Calculating per-token pricing
Lyceum Technology charges $0.60 per million input tokens and $1.80 per million output tokens for this model. Consider a RAG application that processes a 10,000-token document and generates a 1,500-token reasoned response.
- Input cost: 10,000 tokens * ($0.60 / 1,000,000) = $0.006
- Output cost: 1,500 tokens * ($1.80 / 1,000,000) = $0.0027
- Total cost per request: $0.0087
This pay-per-token model allows you to scale from zero without committing to the massive upfront cost of an 8xH100 cluster. You only pay for the exact compute your application requires, making it highly cost-effective for bursty or unpredictable workloads.

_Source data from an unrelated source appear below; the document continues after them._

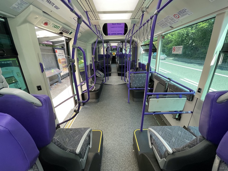 Carrying capacity is 105 passengers with 42 seats and space for wheelchairs as well as buggies and shopping trolleys.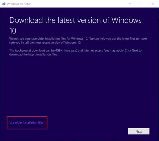 Step 3: Then Windows will suggest that you should download the latest version of Windows 10, just ignore the information and choose Use older installation files and finish the operations by following its pop-up instructions.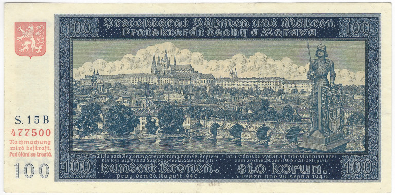 100 Koruna 1940, série 15 B, I. vydání, neperforovaná, stav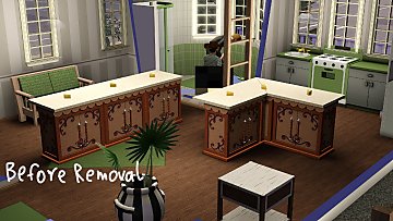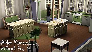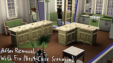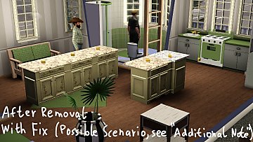 So, you may be wondering: What if the Fallback Index contains an ID about an object that is missing (like an uninstalled Store object)? It behaves as if the Fallback Index is set to zero: The object will quietly vanish (see 3rd image). This is the same in this case, where the Fallback Index of this particular counter island is set to itself. However, this does produce an additional problem because it can softlock the game (though it will probably rarely happen). As far as I have found out, this can only happen if you try to choose the counter island in the buy catalogue, but under normal circumstances the only problematic variant of this counter island is not available in there (unless you make it so). My guess is that the game tries to follow the chain of Fallback Indeces until it finds an object with a Fallback Index of zero. But since the Fallback Index of this counter island points towards itself, it gets stuck in an endless loop which causes the game to freeze and essentially softlock. As long as this fix is inside your Mods folder, this cannot happen.
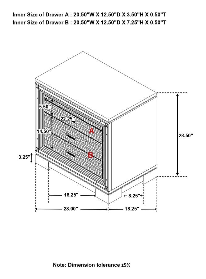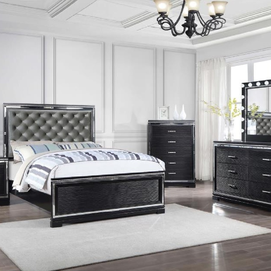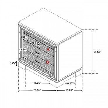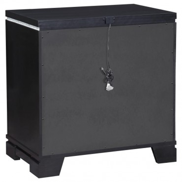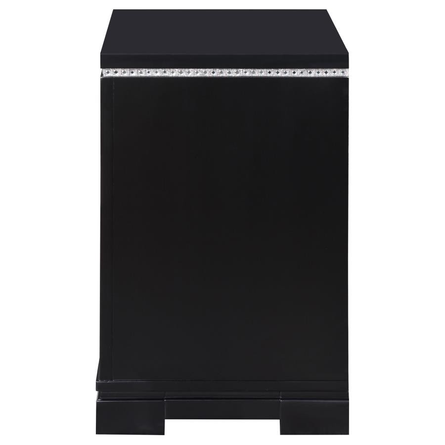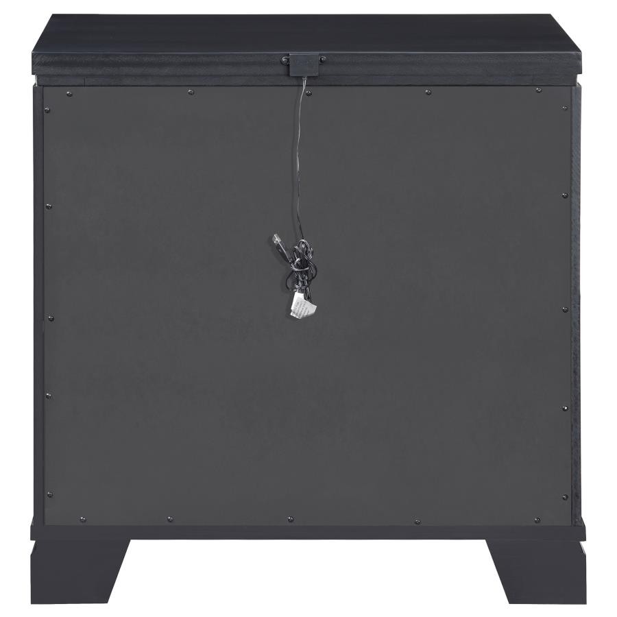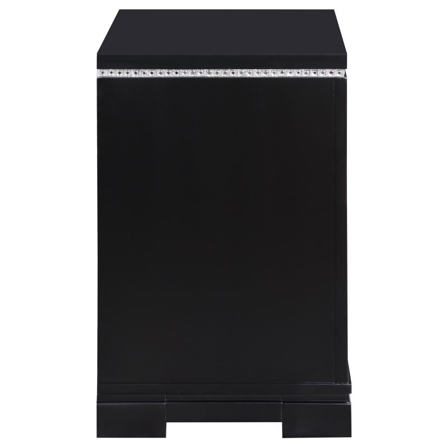 Bold, dramatic hues set the stage for clean lines and luxe details in this glam nightstand. Glimmering accents such as polished mirror trim create a border around the stacked drawers, capped with corner mirror tiles. A dark black finish offsets the polished and sparkling accents, while offering modern sensibilities like USB charging ports and a felt-lined top drawer for delicates. Along the drawer fronts is a wood grain surface that adds a hint of texture. Along the tabletop surface is a crystal-like border, mirrored also in the sleek hardware pulls.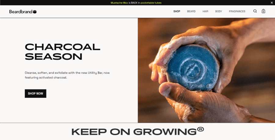 Beardbrand keeps it sharp and minimal with a clean hero, featured products, and blog highlights. Smart structure makes the simple layout feel full and polished.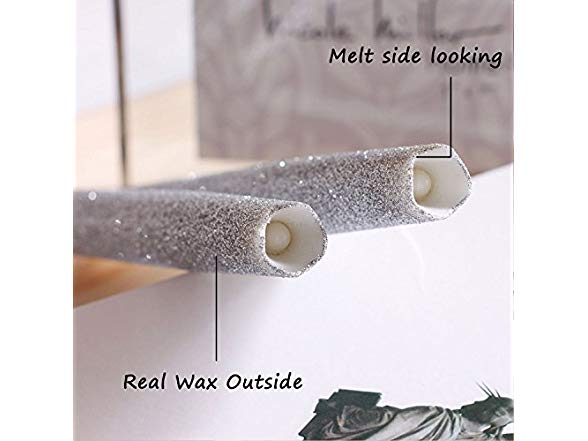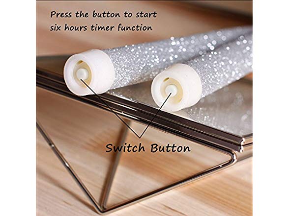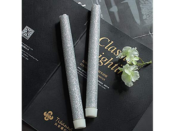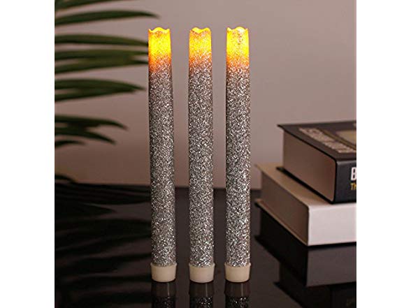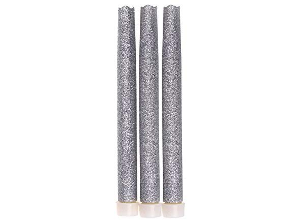 GiveU Flameless Taper Candle w/ Timer, Battery Operated, 9", Silver Glitter (Set of 3)
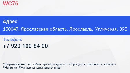 WC76 по адресу 150047, Ярославская область, Ярославль, Угличская, 39Б в дальнейшем Организация, размещена в следующих категориях: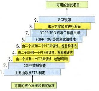 一致性測試項目的開發(fā)程序如圖2所示。由歐洲ETSI制定出可用的相關(guān)核心標準和測試標準之后,經(jīng)過不同數(shù)量的WCDMA終端和測試系統(tǒng)進行多次檢驗和驗證,再提交3GPP的終端工作組進行審批。在審批合格后,測試項目由第三方測試實驗室在相應(yīng)的測試系統(tǒng)上進行驗證和認證,再經(jīng)GCF和PTCRB批準,才能成為GCF和PTCRB認可認證的一致性測試項目。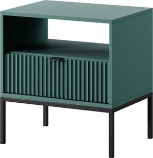 Stolik nocny NovaSzafka nocna w kolorze zielonym to doskonały wybór do nowoczesnej sypialni. Stolik nocny wyróżnia się na tle innych ponadczasową formą oraz podłużnymi frezowanymi frontami, które przyciągają uwagę. Szafka Nova została wyposażona w praktyczną pojemną szufladę oraz otwartą półkę pod blatem dając możliwość przechowywania akcesoriów i innych drobiazgów. Nowoczesna szafka nocna osadzona została na metalowych nóżkach. Wykonana z najwyższej jakości płyty laminowanej, która odporna jest na uszkodzenia mechaniczne.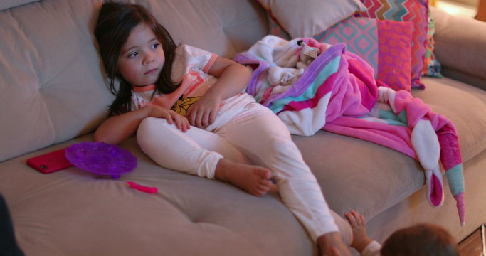Little girl and infant brother baby at home in front of screen. Casual candid authentic children on home sofa.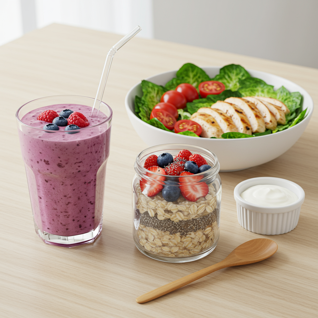 - 만드는 법: 밀폐 용기에 오트밀, 요거트, 우유, 치아씨드를 넣고 잘 섞은 후 냉장고에 밤새 넣어두세요. 아침에 꺼내 과일 토핑을 얹어 먹으면 든든하고 건강한 아침 식사가 됩니다.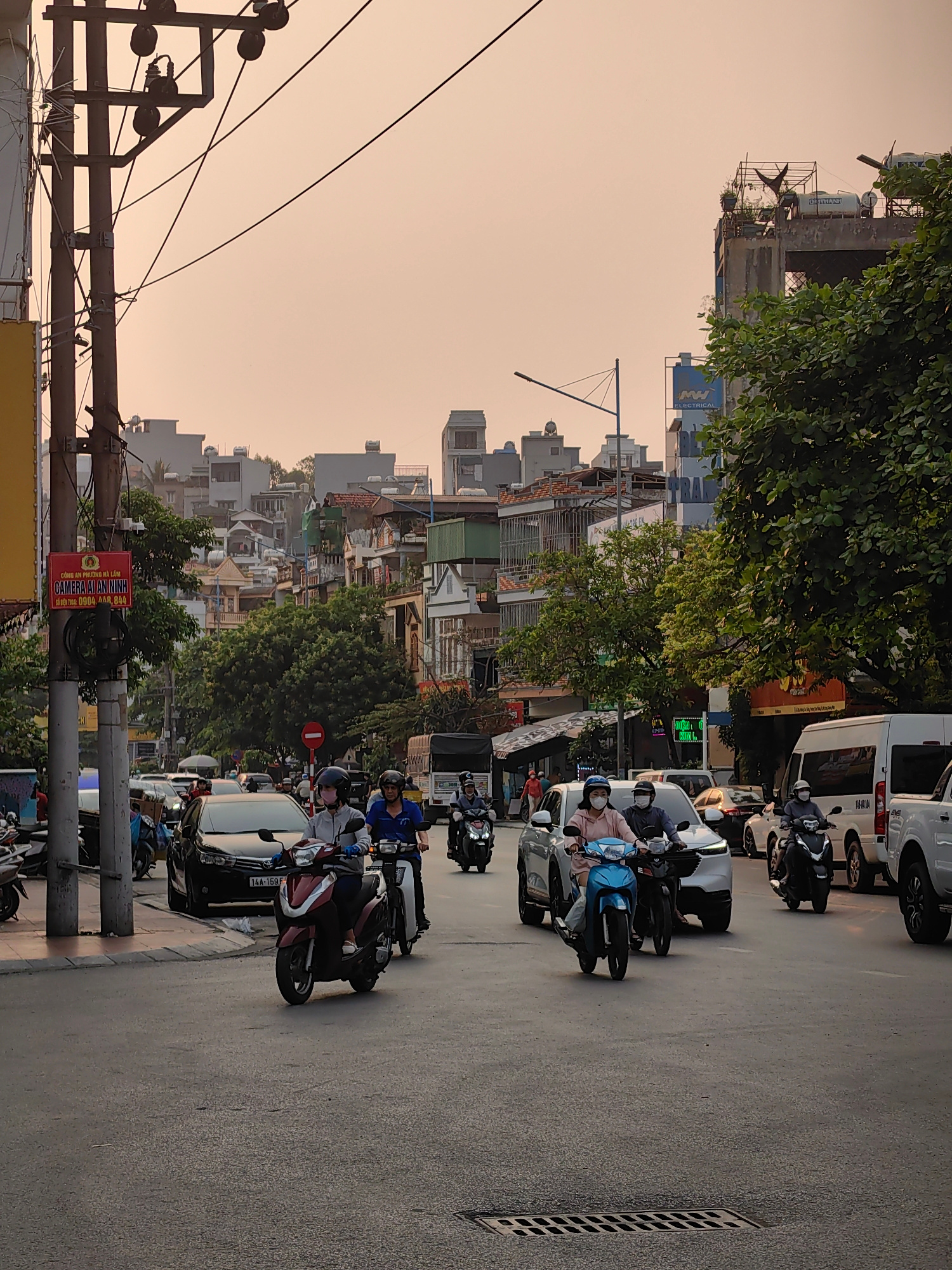 The image shows a street scene in Ha Lam Ward, Vietnam, with moderate traffic composed of cars and motorbikes. Several people are riding motorbikes and wearing masks. There are buildings and trees lin…read more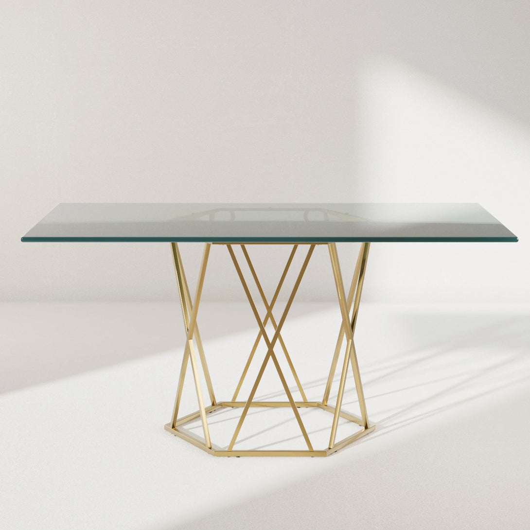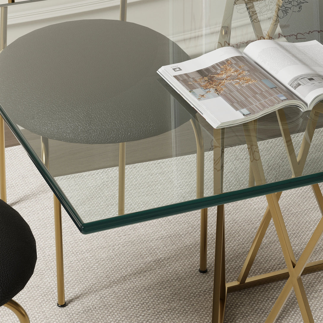 High-Quality Materials: Clear glass tabletop combined with a golden metal frame for both durability and elegance.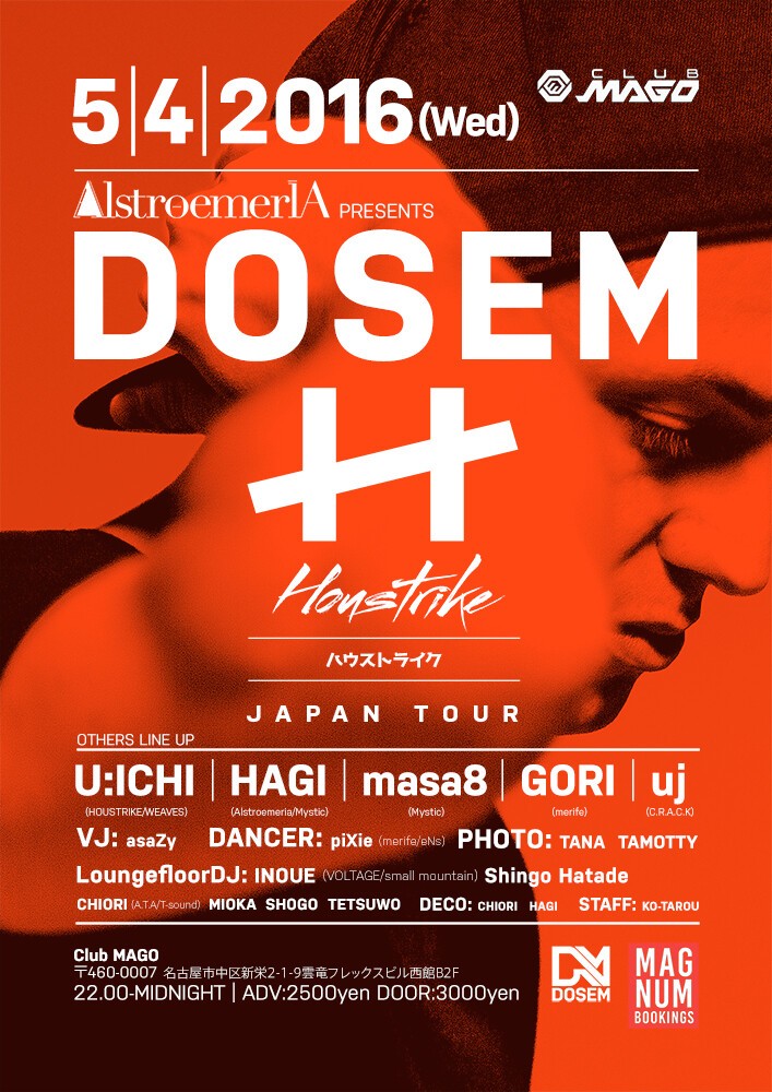 Guest DJには1回目と同じく、2016自身のレーベル「HOUSTRIKE 」をスタートさせた「DOSEM」が再び名古屋"Club MAGO"に登場!!!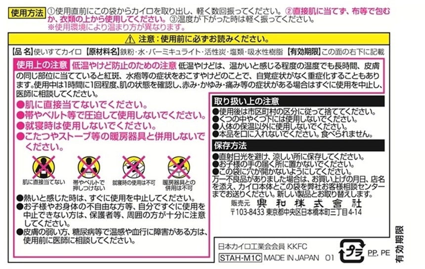 衣類に貼らないタイプのヤシガラ活性炭入りホッカイロです。

Running Nemotron-Ultra-253B on EU-sovereign infrastructure
Why run Nemotron-Ultra-253B on Lyceum
For European enterprises, deploying a 253B-parameter model typically means relying on US-based hyperscalers or API providers, which introduces significant data privacy risks. Lyceum Technology solves this by offering Nemotron-Ultra-253B on our fully EU-sovereign infrastructure. Hosted in our eu-north1 region, your inference workloads are processed entirely within European borders, ensuring strict GDPR compliance and data residency.
Unlike competitors who rent their hardware from larger public clouds, Lyceum owns and operates its GPU infrastructure. This structural advantage allows us to offer highly competitive per-token pricing without the markup associated with middleman API providers. Furthermore, our open-stack transparency, powered by vLLM and NVIDIA Dynamo, ensures you are never locked into a proprietary black-box inference engine. Because Lyceum does not charge egress fees, you can move your data and model outputs without the hidden costs associated with traditional cloud providers. You retain full visibility into how your workloads are executed.
Because our Serverless Inference API is a drop-in replacement for the OpenAI SDK, your engineering team can migrate to Lyceum in minutes. You get the intelligence of NVIDIA's most advanced reasoning model, the reliability of a managed API, and the legal certainty of European data sovereignty. Whether you are building autonomous agents or complex RAG pipelines, Lyceum provides the secure foundation your enterprise requires. By combining NVIDIA's highly optimized model architecture with Lyceum's purpose-built European cloud, AI teams can finally achieve frontier-level performance without compromising on data privacy or infrastructure costs.